Dépasser la neutralité scientifique pour faire levier
Alors que les rapports du GIEC alertent depuis les années 90 sur le réchauffement du système climatique, le monde politique est tétanisé, pris entre enjeux économiques et lobbys industriels. Ce qui pousse les scientifiques à sortir de leur réserve, à écarter cette neutralité scientifique qui fonde historiquement leur autorité. Plusieurs membres du GIEC tentent ainsi de vulgariser les enjeux climats sur Twitter et Linkedin, n’hésitant pas à signaler les fausses informations, comme Valérie Masson-Delmotte vis-à-vis de CNEWS. D’autres condamnent directement le gouvernement pour son atonie climatique, dénonçant la condamnation abusive de militants écolos qui ne font que tirer la sonnette d’alarme.
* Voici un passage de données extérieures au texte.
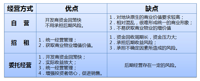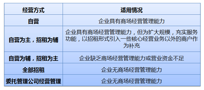 根据企业实力、经营目标、承受风险能力等因素考虑采用哪种经营方式,按实际情况,一般可以采用自营、招租、委托经营管理三种主流方式。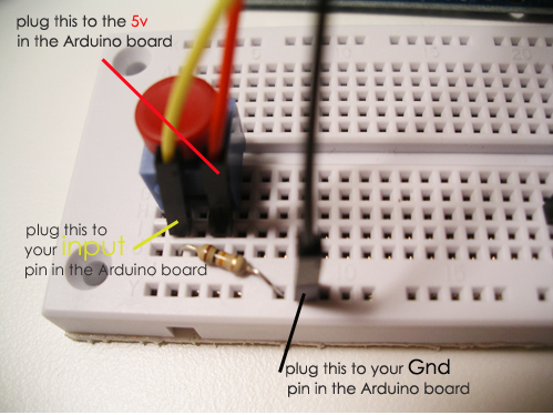 4. The other pin of the button is connected to the black wire which plugs in the Gnd pin on the Arduino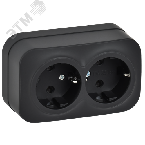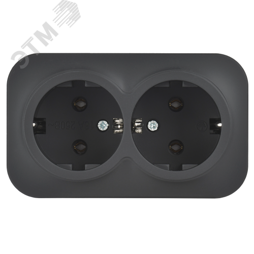 GLORY Розетка 2-местная для открытой установки с заземлением без защитных шторок 16А РС22-3-ХЧм черный матовый IEK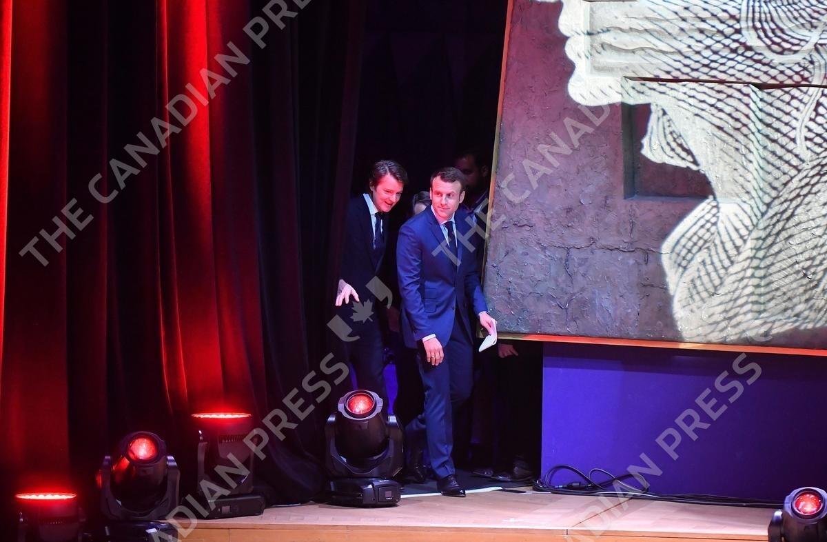 France's Mayors' Association (AMF) president Francois Baroin and former French Economy Minister and 'En Marche' (On the Move!) candidate for the upcoming presidential elections Emmanuel Macron during an extraordinary meeting of France's Mayors' Association (AMF), at Maison de la Radio in Paris, France on March 22, 2017. Photo by Christian Liewig/ABACAPRESS.COM

Une politisation de la communauté scientifique qui a touché son zénith en février 2020 lorsque mille scientifiques ont appelé à passer à des actions de désobéissance civile. De l’action directe devenue impérative pour préserver les conditions d’habitabilité de notre planète.
Ringardiser les entreprises insensibles au climat
Plusieurs collectifs d’ingénieurs salariés ou étudiants ont décidé de pressuriser les entreprises sans ambition climatique. Le but : noircir le tapis rouge qui mène les jeunes diplômés aux grandes industries en jouant sur les réseaux des uns et des autres. En 2018, des étudiants de grandes écoles d’ingénieurs lancent un Manifeste pour un Réveil écologique qui vise à responsabiliser leurs futurs employeurs. Avec 32 000 signataires, le manifeste s’est vite transformé en association – Pour un réveil écologique – et va désormais à la rencontre des dirigeants du CAC 40. Leur argumentaire est inébranlable : sans ambition climatique, vous raterez les talents de demain. Le collectif vise aussi à convaincre les écoles de mieux former leurs étudiants aux questions écologiques. Autre groupe moins médiatisé, les Ingénieur·es Engagé·es sont composés d’anciens élèves ingénieurs qui veulent remettre l’humain et l’écologie au centre de la technique. Conscients de l’intersectionnalité des luttes, ces derniers veulent intégrer les différents rapports d’oppression et de domination à la lutte écologique, comme en témoignent les points médias qui parcourent leur nom. Une cascade d’initiatives qui témoigne d’un puissant éveil des consciences et d’un potentiel changement dans les rapports de force entre écolos et libéraux.